When policy creates trauma

By Chloe Learey, Executive Director

Published in the Brattleboro Reformer, September 16, 2019

The Office of Inspector General for the Department of Health and Human Services released a report (https://oig.hhs.gov/oei/reports/oei-09-18-00431.pdf) in early September outlining findings from interviews with approximately 100 mental health clinicians from 45 facilities that house children separated from their parents at the US-Mexico border. It is not surprising to learn that these children experienced traumatic events in the countries from which they fled as well as during their journey to the United States. The fact that the trauma was extended once they arrived is perhaps more surprising. Separation from a parent or primary caregiver, particularly for children at a young age, can create traumatic stress when it is prolonged or chronic. Given what we know about the effect trauma has on brain development and health outcomes over the course of a lifetime it is imperative that we avoid creating circumstances in which trauma is perpetuated.

photo credit: abcnews.go.com

Prolonged separation of parents and children happens in different kinds of circumstances: incarceration, military deployment, deportation, immigration, and in the child protection system. Some responses to this type of trauma can include nightmares, physical ailments, self-harm, negative mood changes, negative beliefs about the self, changes in behavior, and difficulty thinking or paying attention. These reactions can interfere with a child’s ability to adjust, particularly when they are in an environment that is not designed to optimize child development and where they do not receive the mental health supports needed. These are two factors at play in most of the facilities reviewed by the Inspector General, and there are multiple examples of children’s reactions that one would expect. “Every heartbeat hurts” one child said, “I can’t feel my heart,” said another, even though there was nothing wrong physiologically. Even children who were initially seemingly well adapted began to show a deterioration in behavior and resilience as their detainment became more extended, i.e. past 2 months, and there was increase in instances of self-harm and suicidal thoughts. Some children were held for as long as 93 days when one policy requiring fingerprinting for possible sponsors was in effect.

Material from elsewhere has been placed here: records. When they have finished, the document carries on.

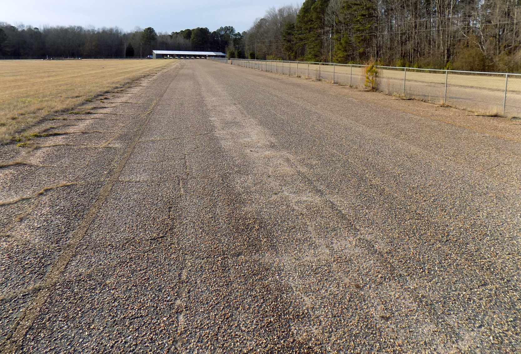 A December 2023 photo looking southeast at the northwest end of Eutaw Municipal Airport Runway 16.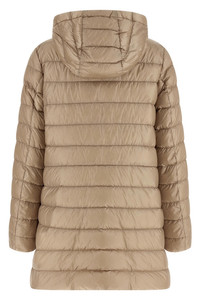 cod. L10931A00029597YG212 'Jasmin' water-repellent longue saison quilted down jacket with goose down padding, adjustable hood, high neck, front zip closure, tapered waist with drawstring, pockets, long sleeves with elastic cuffs and felt logo patch applique. Color: Beige Size & Fit: Slim fit Composition: 100% polyamide Made in: Moldova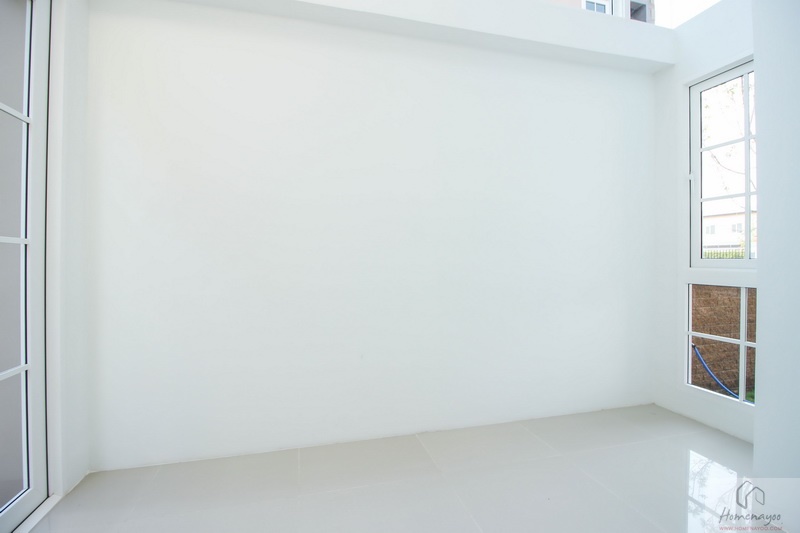 ส่วนของบ้านส่งมอบฝาผนังฉาบเรียบทาสีขาว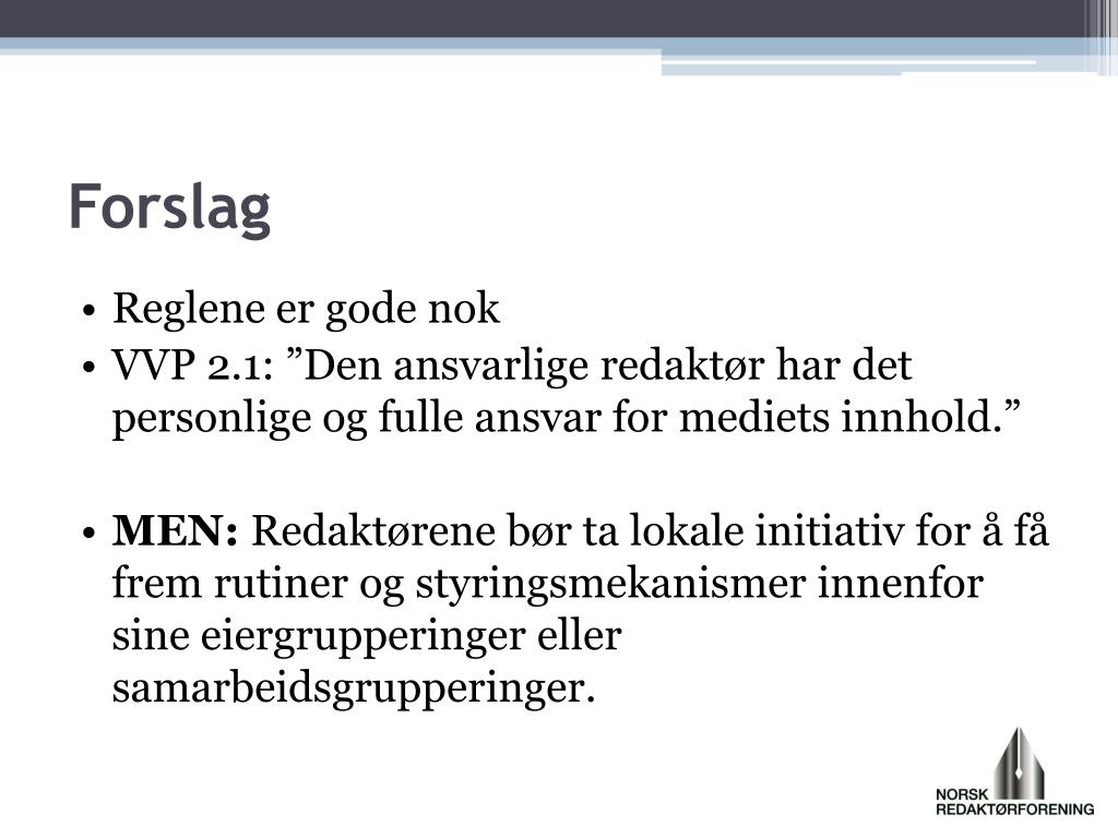 Forslag • Reglene er gode nok • VVP 2.1: ”Den ansvarlige redaktør har det personlige og fulle ansvar for mediets innhold.” • MEN: Redaktørene bør ta lokale initiativ for å få frem rutiner og styringsmekanismer innenfor sine eiergrupperinger eller samarbeidsgrupperinger.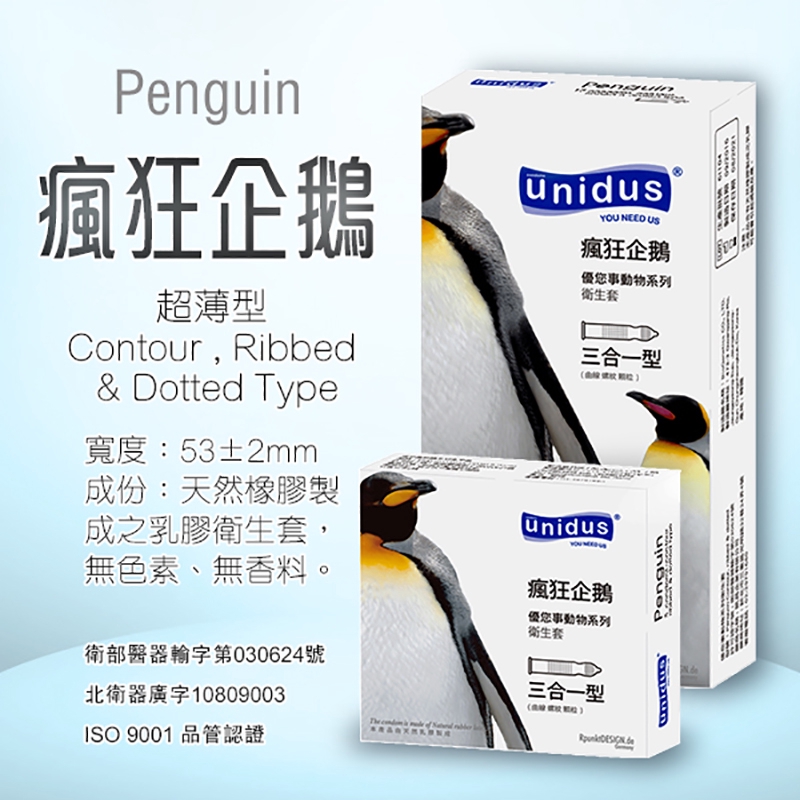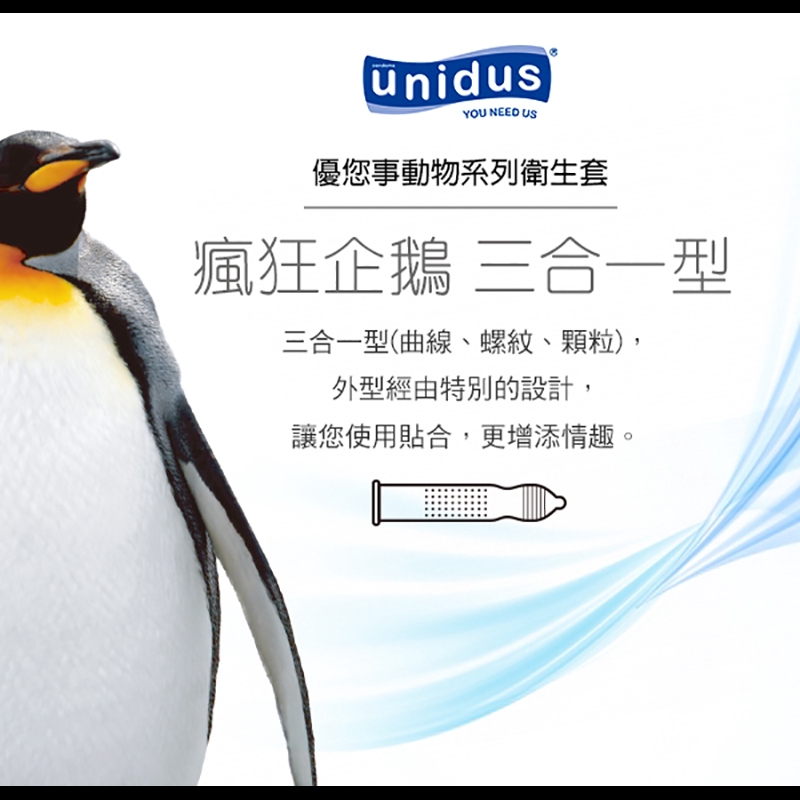 unidus優您事 動物系列保險套-瘋狂企鵝-三合一型 12入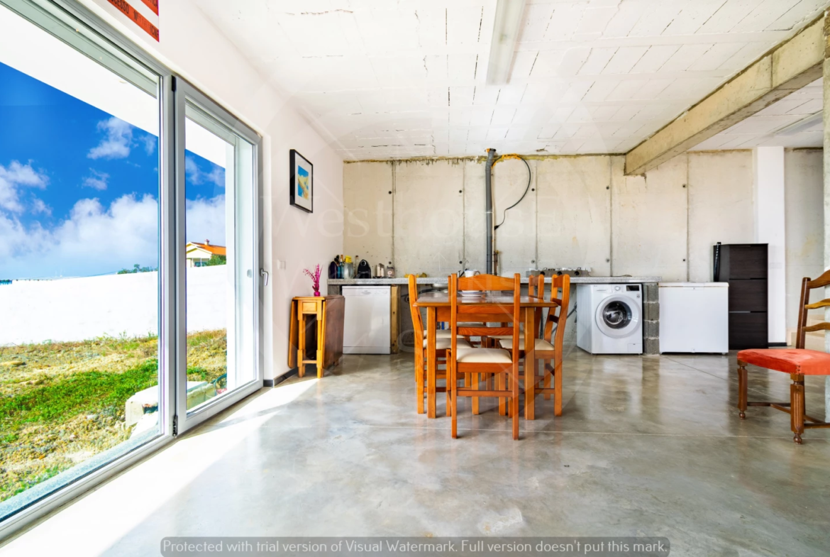 Também a garagem, para além das generosas áreas inclui um espaço de lazer e convívio, com um balcão para refeições e WC de apoio.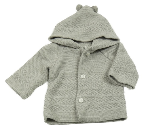 Šedý propínací svetr se vzorem a kapucí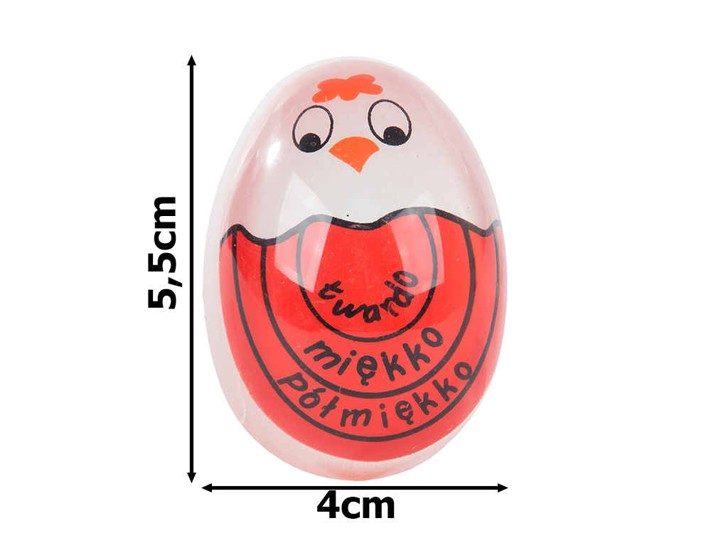 The principle is very simple. The red colour slowly fades to the centre and a white colour develops on the sides, like the white of an egg. The longer the eggs are cooked, the more white colour will appear on the timer which means that the eggs are curdling more.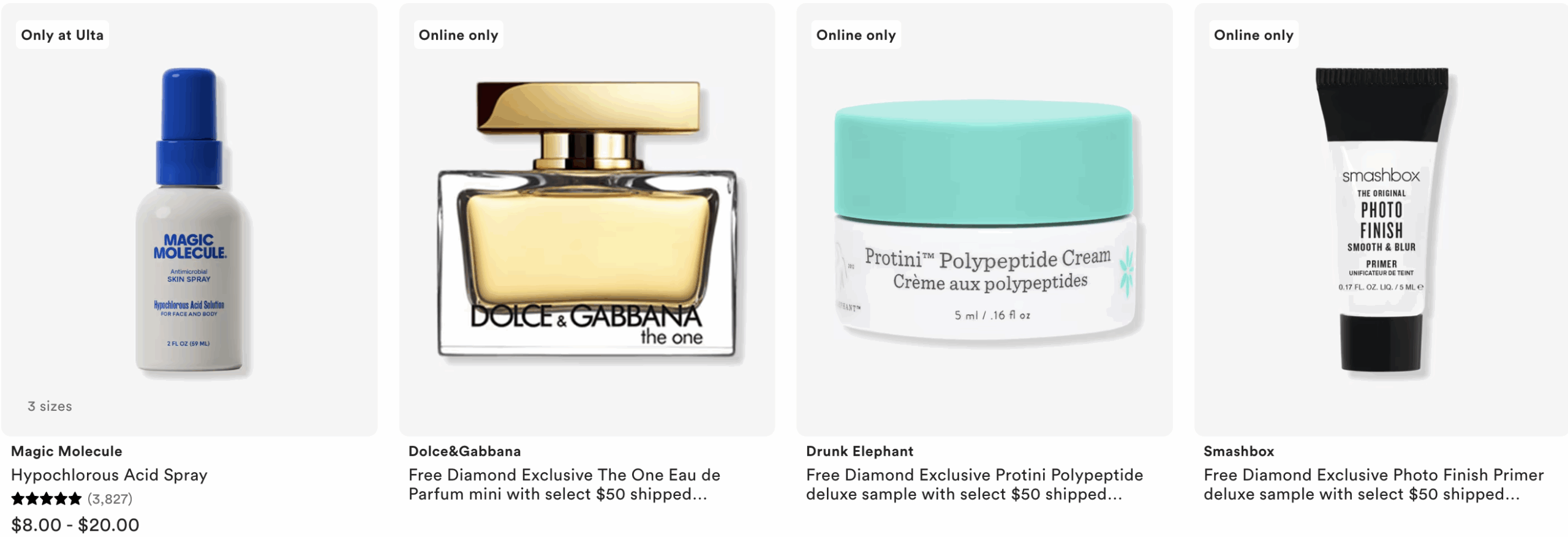 Free Body Care Gift with $50 shipped purchase only at Ulta.com. MUST ADD TO BAG. One per customer. While quantities last. Must have one non UB Marketplace Product in bag to qualify.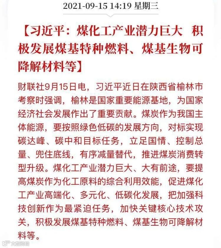 在碳中和的前提下,煤被认为迟早要减少使用的能源,但最近煤炭价格高企,早前还传出来出现供需危机。为什么煤炭又被人记起来呢?今日,领导人到了榆林考察,强调煤炭作为我国主体能源,要按照绿色低碳的发展方向,推进煤炭消费转型升级。煤除了传统燃媒发电、炼钢之外,还有什么用途呢?煤股中又有什么好的选择?

Environment fundamentally shapes how young children develop. By having children in facilities, programs, or foster homes not designed to support their development we are helping to ensure that they will not thrive. Research shows that toxic stress and trauma lead to poor health outcomes including diabetes, obesity, and depression. Overall immune response can be weakened which increases the risk of everything from cancer to autoimmune diseases. Cognitive development may be limited due to neural pathways developing more towards the ‘survival’ part of the brain vs. the ‘thinking’ part of the brain. One child psychiatrist who interviewed children in detention said that even when children are reunited the impact of traumatic separation can continue into adulthood and create problems “that are costly to society as well as to the individual child grown up.”

photo credit: pbs.org

Research shows that responsive, nurturing caregiving is especially important during the earliest years when the brain is growing at its fastest pace. Even the most responsive caregiving might not be enough in the face of the survival tactics some children employ to survive traumatic separation. For instance, the parent who is not present might be idealized and seen as “perfect”, and available caregivers might be rejected, viewed as not trustworthy. Or a child might feel they are betraying their parent if they have positive feelings towards a current caregiver, especially if there is hope of reunification. One person interviewed for the IG report observed that children could not distinguish between immigration agents who separated them from their parents and the staff who were there to help (i.e. mental health clinicians).

We may not know the children being separated from their families due to immigration policy, but we do know children in our community who are suffering from traumatic separation. We know the lifelong cost they will bear, and that we will ultimately shoulder as a society. We must do what we can to design programs and policies that do not create or exacerbate the trauma caused by prolonged separation of young children from their primary caregivers – we will reap what we sow.